**THE PROBLEM**. Exactly reproduce the lines of the listing below from the one containing "This set of" through the one containing "Frequenzbestimmend sind C, R1". Skip the images.

**THE RECORDS**.
*** Block opens ***

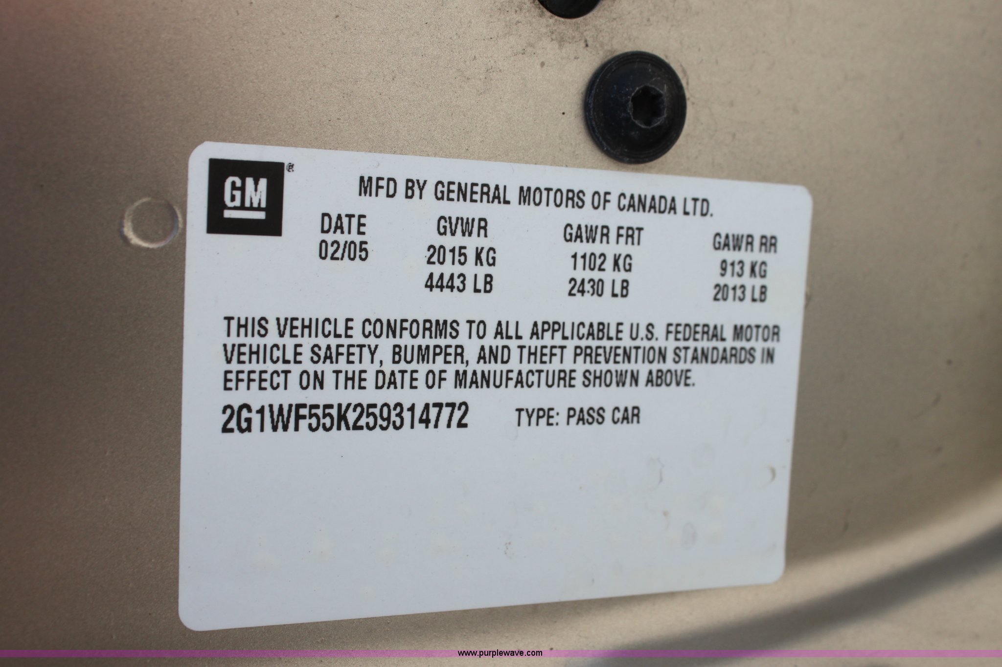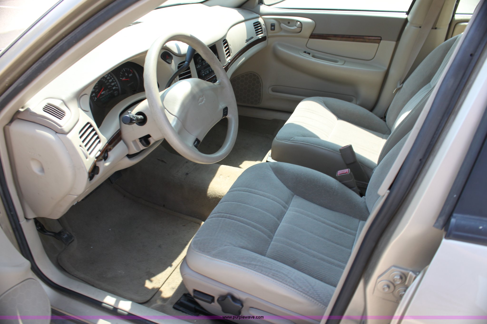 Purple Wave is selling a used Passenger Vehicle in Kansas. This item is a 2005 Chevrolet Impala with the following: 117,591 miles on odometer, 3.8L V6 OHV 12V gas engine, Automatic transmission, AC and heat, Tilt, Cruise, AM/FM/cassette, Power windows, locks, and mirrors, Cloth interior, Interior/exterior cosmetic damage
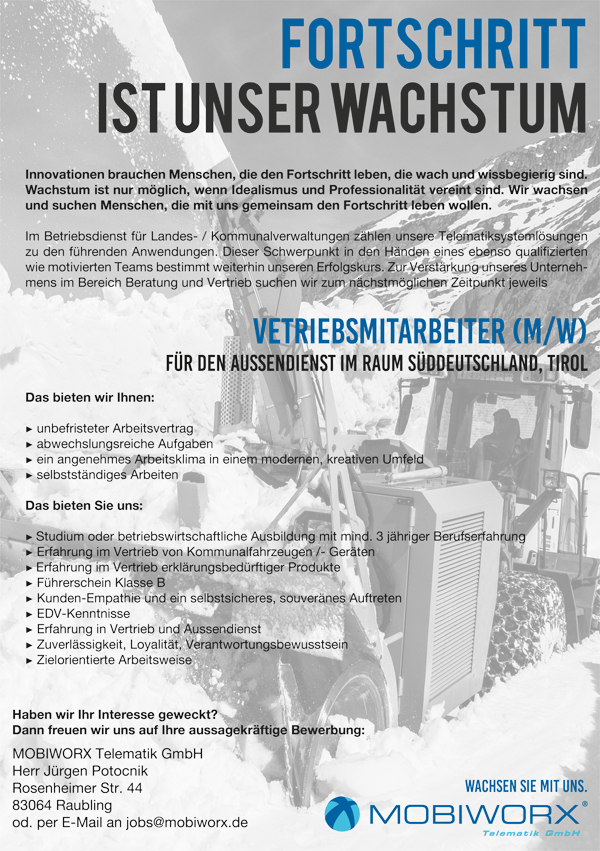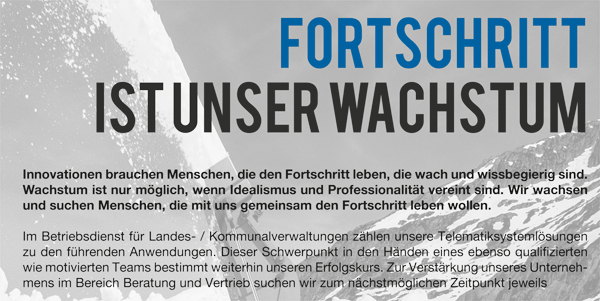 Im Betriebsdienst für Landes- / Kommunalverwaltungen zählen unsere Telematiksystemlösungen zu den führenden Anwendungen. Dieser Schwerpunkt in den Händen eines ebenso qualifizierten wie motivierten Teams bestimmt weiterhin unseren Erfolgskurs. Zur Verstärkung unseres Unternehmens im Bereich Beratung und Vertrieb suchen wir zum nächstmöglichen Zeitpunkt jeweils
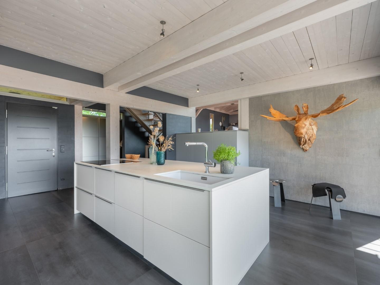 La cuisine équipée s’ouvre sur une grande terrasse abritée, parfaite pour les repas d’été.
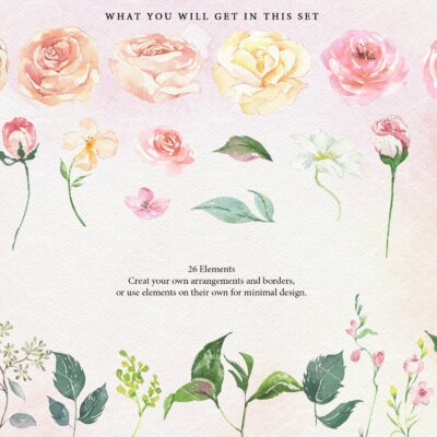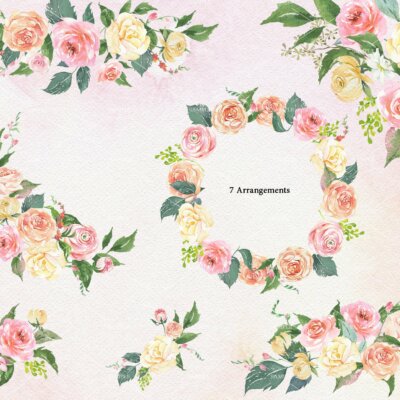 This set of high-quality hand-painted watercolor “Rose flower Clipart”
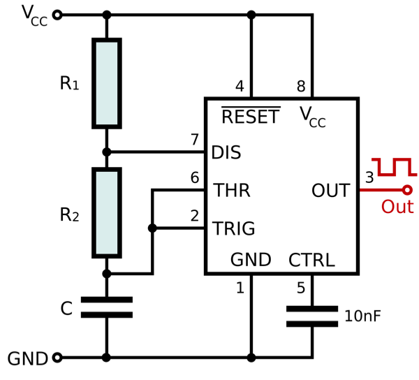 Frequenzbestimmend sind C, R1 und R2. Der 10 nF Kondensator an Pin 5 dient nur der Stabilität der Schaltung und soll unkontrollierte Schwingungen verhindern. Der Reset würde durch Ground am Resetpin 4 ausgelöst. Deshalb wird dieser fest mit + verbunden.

*** Block closes ***
*** Block opens ***

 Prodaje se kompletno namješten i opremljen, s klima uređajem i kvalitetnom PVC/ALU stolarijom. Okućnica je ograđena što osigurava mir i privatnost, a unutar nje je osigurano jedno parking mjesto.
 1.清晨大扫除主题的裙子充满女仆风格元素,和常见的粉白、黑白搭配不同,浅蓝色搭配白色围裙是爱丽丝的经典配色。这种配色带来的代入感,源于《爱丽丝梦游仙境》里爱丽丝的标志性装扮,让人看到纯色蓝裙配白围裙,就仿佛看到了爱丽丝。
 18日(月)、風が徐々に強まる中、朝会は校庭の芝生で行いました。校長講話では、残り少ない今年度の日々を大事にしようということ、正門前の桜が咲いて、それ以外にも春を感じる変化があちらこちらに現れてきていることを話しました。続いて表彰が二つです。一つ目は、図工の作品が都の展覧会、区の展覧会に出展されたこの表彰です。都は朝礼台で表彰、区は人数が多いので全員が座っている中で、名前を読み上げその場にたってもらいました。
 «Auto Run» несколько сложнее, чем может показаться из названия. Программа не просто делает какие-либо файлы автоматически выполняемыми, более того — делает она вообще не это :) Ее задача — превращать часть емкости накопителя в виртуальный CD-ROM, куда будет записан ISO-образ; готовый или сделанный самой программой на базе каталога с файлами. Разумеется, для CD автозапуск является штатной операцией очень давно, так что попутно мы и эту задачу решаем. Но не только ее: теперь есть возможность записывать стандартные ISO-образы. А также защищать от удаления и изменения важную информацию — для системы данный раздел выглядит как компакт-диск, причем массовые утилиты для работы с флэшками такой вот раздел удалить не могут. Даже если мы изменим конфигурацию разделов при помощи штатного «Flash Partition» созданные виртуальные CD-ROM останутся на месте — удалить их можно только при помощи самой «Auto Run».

*** Block closes ***

**ANSWER FOR THE TASK**.
 This set of high-quality hand-painted watercolor “Rose flower Clipart”
 Frequenzbestimmend sind C, R1 und R2. Der 10 nF Kondensator an Pin 5 dient nur der Stabilität der Schaltung und soll unkontrollierte Schwingungen verhindern. Der Reset würde durch Ground am Resetpin 4 ausgelöst. Deshalb wird dieser fest mit + verbunden.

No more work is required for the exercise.